*Prompt*:
Your answer must hold only the lines below from the line containing "To Remember Forgotten" through the line containing "SimArena har et", each reproduced exactly.

*** Material for this task ***

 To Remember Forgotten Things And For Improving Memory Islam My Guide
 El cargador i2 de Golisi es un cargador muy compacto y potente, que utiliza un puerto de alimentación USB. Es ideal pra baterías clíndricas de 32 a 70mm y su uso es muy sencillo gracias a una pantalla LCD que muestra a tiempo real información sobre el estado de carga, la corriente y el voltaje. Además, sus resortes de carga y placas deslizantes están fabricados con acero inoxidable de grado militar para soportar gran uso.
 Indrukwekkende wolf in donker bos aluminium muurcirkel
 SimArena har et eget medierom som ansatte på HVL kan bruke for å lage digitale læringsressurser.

***
*** Material for this task ***

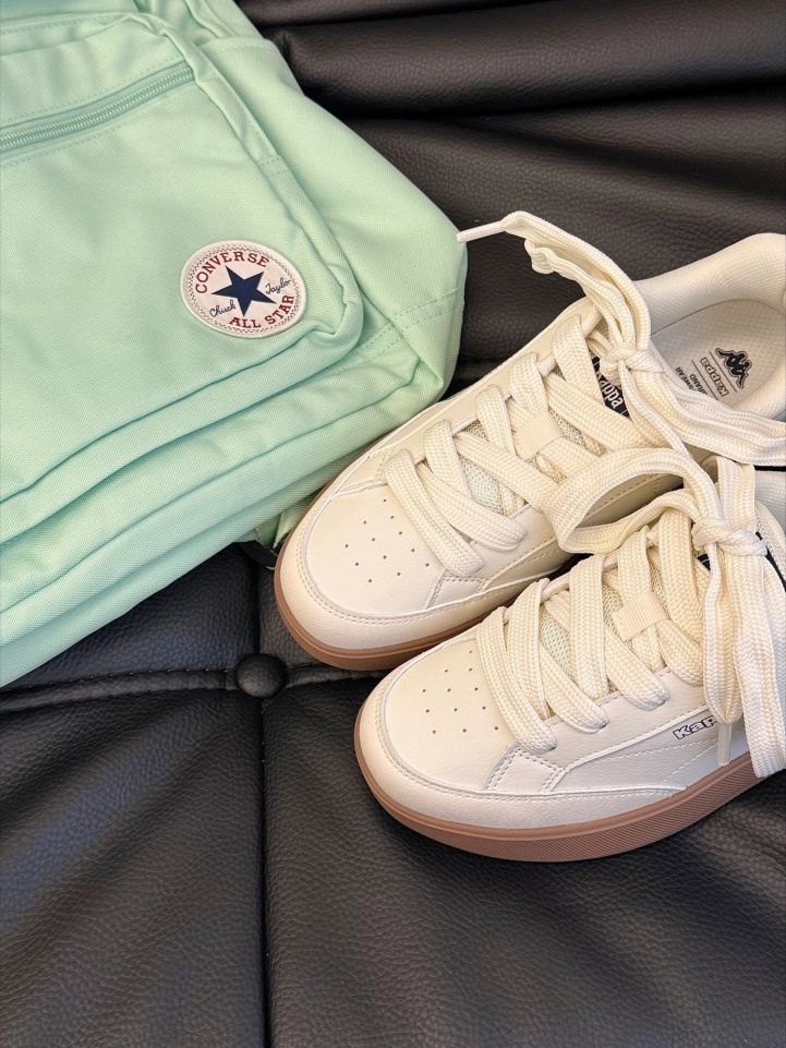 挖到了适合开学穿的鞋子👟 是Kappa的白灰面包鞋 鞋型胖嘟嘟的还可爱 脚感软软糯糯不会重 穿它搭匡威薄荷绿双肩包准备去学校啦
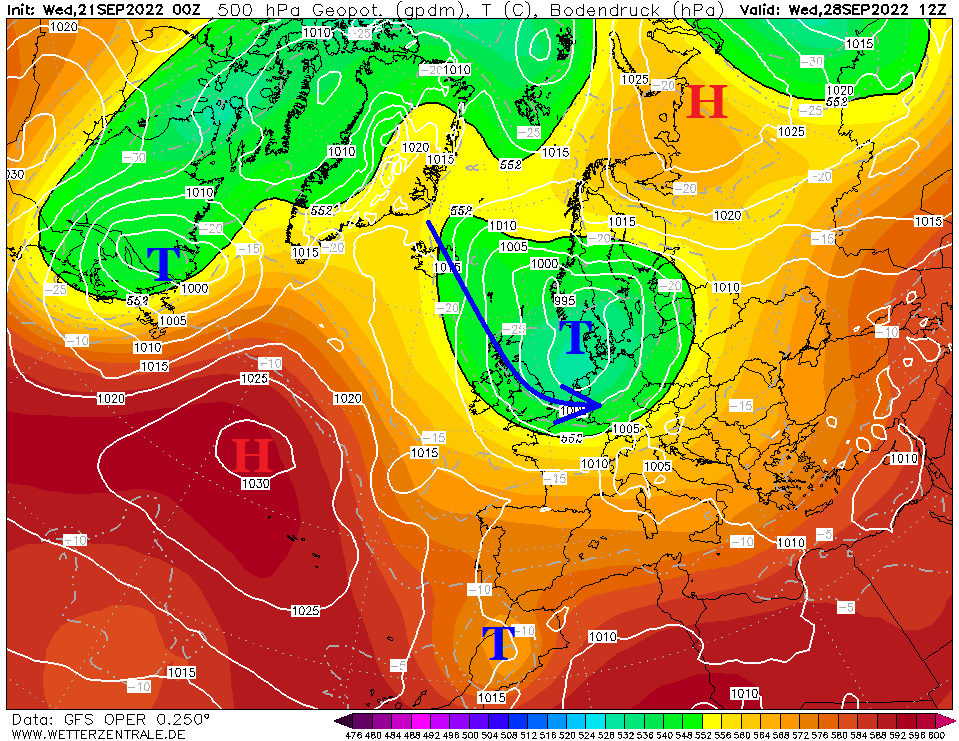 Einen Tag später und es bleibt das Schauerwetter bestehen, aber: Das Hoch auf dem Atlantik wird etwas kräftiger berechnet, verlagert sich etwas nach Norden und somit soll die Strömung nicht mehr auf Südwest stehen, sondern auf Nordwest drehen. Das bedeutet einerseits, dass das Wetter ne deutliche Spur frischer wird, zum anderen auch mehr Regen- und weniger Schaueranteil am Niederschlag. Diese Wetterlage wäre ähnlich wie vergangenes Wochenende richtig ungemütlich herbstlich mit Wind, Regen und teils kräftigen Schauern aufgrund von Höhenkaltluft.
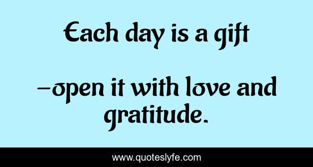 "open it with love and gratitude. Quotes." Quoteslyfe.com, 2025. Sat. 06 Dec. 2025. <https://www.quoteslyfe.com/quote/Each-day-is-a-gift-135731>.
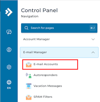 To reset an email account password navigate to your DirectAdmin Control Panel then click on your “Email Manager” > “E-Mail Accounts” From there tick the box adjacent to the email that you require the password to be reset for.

***

*Answer to this problem*:
 To Remember Forgotten Things And For Improving Memory Islam My Guide
 El cargador i2 de Golisi es un cargador muy compacto y potente, que utiliza un puerto de alimentación USB. Es ideal pra baterías clíndricas de 32 a 70mm y su uso es muy sencillo gracias a una pantalla LCD que muestra a tiempo real información sobre el estado de carga, la corriente y el voltaje. Además, sus resortes de carga y placas deslizantes están fabricados con acero inoxidable de grado militar para soportar gran uso.
 Indrukwekkende wolf in donker bos aluminium muurcirkel
 SimArena har et eget medierom som ansatte på HVL kan bruke for å lage digitale læringsressurser.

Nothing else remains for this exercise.